Лицо Джонатана покраснело. Он явно разозлился.
— Грейс, порой чувство справедливости у Керри граничит с глупостью. В общем, вчера вечером я смог-таки убедить губернатора отложить представление сенату кандидатов на судейские должности. Он согласился с моими доводами.
— Джонатан!
— Это все, что я мог сделать. Иначе мне пришлось бы просто просить губернатора воздержаться пока от того, чтобы предлагать назначить Керри судьей. У меня не было выбора. Грейс, Прескот Маршалл был хорошим, просто выдающимся губернатором. Ты это знаешь. При нем я смог добиться, чтобы сенат провел необходимые реформы законодательства, пересмотрел структуру налогообложения, обеспечил привлечение инвестиций в наш штат. Мы провели реформу в социальной сфере, при этом избежав того, чтобы положение бедных еще более ухудшилось. Одновременно нам удалось прижать тех, кто не гнушался мошенничеством. Так вот, я хочу, чтобы Маршалл вновь стал губернатором через четыре года. Мне тоже не особенно нравится Френк Грин, но на посту губернатора он сослужит свою службу — он сохранит для Маршалла его пост и не испортит то, что Маршалл и я сумели сделать. Но, если Грин провалится на выборах, если победит другая сторона, тогда все, что мы делали, рискует быть разваленным.

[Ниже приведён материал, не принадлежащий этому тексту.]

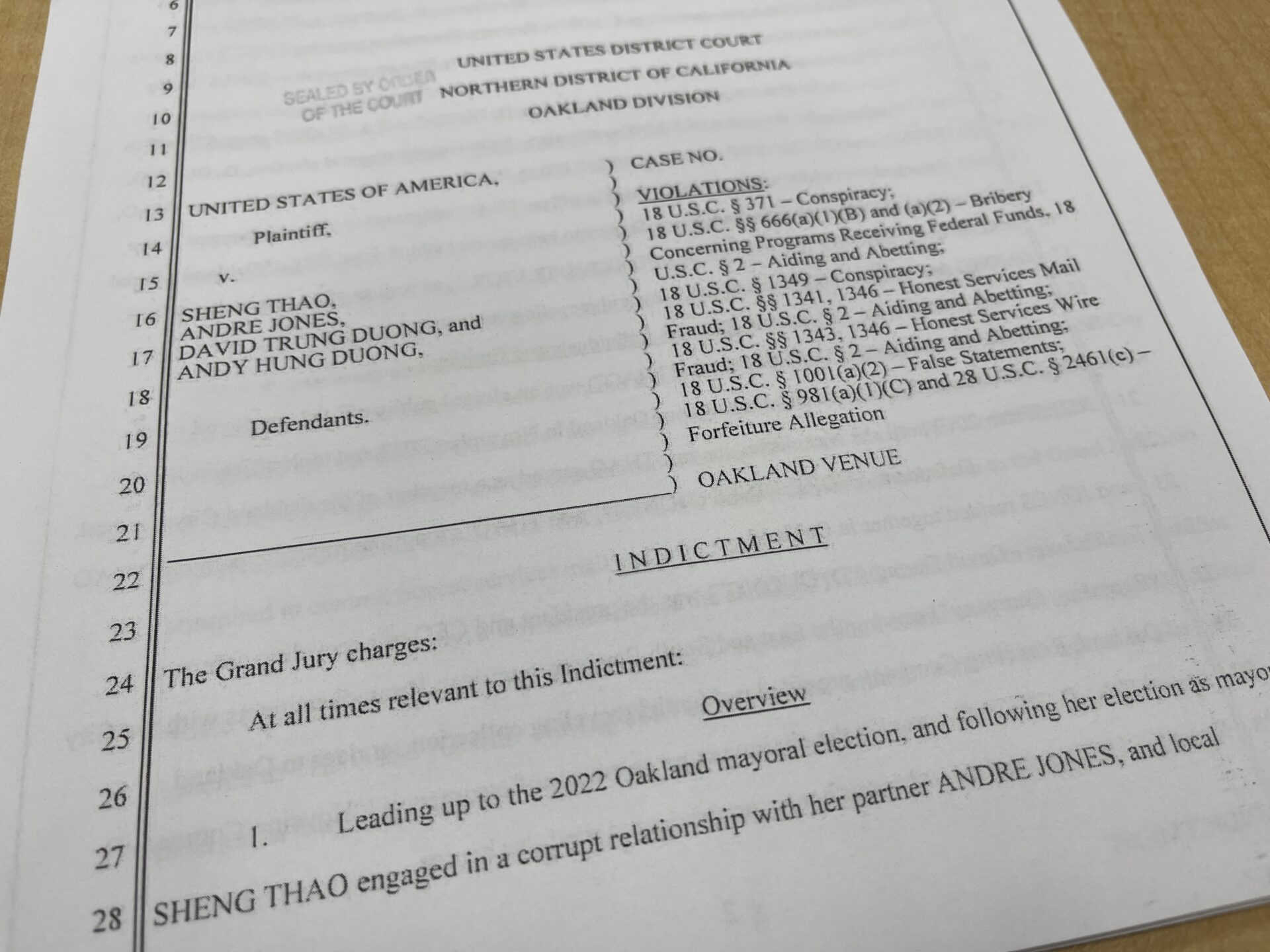 Theo hồ sơ truy tố dài 22 trang, đề ngày 9 Tháng Giêng, trước và sau cuộc bầu cử thị trưởng năm 2022, bà Sheng Thao và ông Andre Jones có dính tham nhũng liên quan đến ông David Dương và ông Andy Dương.

Голос Джонатана стал, наконец, мягче. На Грейс посмотрел усталый человек, выглядевший на все свои шестьдесят два года.
— Я приглашу Керри и Робин на ужин в воскресенье, — предложила Грейс. — Сможешь еще раз с ней поговорить, попытаться убедить ее. Не думаю, что из-за этого Реардона надо жертвовать чьим бы то ни было будущим.
— Прекрасно, а я позвоню Керри сегодня же вечером, — поддержал жену Джонатан.
44
Джоф Дорсо позвонил в дверь Керри ровно в половине восьмого. Открыла ему опять Робин, все еще не снявшая костюм ведьмы и не смывшая с лица ведьмину раскраску. Брови девочки были очерчены толстым угольным карандашом, густая белая пудра покрывала все лицо, за исключением тех мест, где на щеках и подбородке проходили линии порезов. На плечи Робин падали длинные волосы черного парика.
Джоф даже отпрянул назад.
— Ой, ну ты прямо меня напугала!
— Здорово, — обрадовалась Робин. — Спасибо, что пришли вовремя. Я должна как раз уходить на вечеринку. Причем прямо сейчас. У нас там будет разыгрываться приз за самый страшный костюм. В общем, мне надо бежать.
— Ты обязательно выиграешь этот приз, — заверил девочку Джоф, входя в дом. Потом он втянул воздух носом. — О, как вкусно пахнет!
— Это мама. Она готовит чесночные хлебцы, — объяснила Робин. Потом крикнула, обращаясь в глубь дома. — Ма, пришел мистер Дорсо.
Джоф широко улыбнулся, когда одна из дверей распахнулась и появилась Керри, вытирая руки полотенцем. На ней были зеленые брюки и зеленый свитер с высоким воротником. Джоф не мог не отметить, как падавший сверху свет подчеркивал золотые оттенки в волосах Керри, россыпи веснушек на ее лице.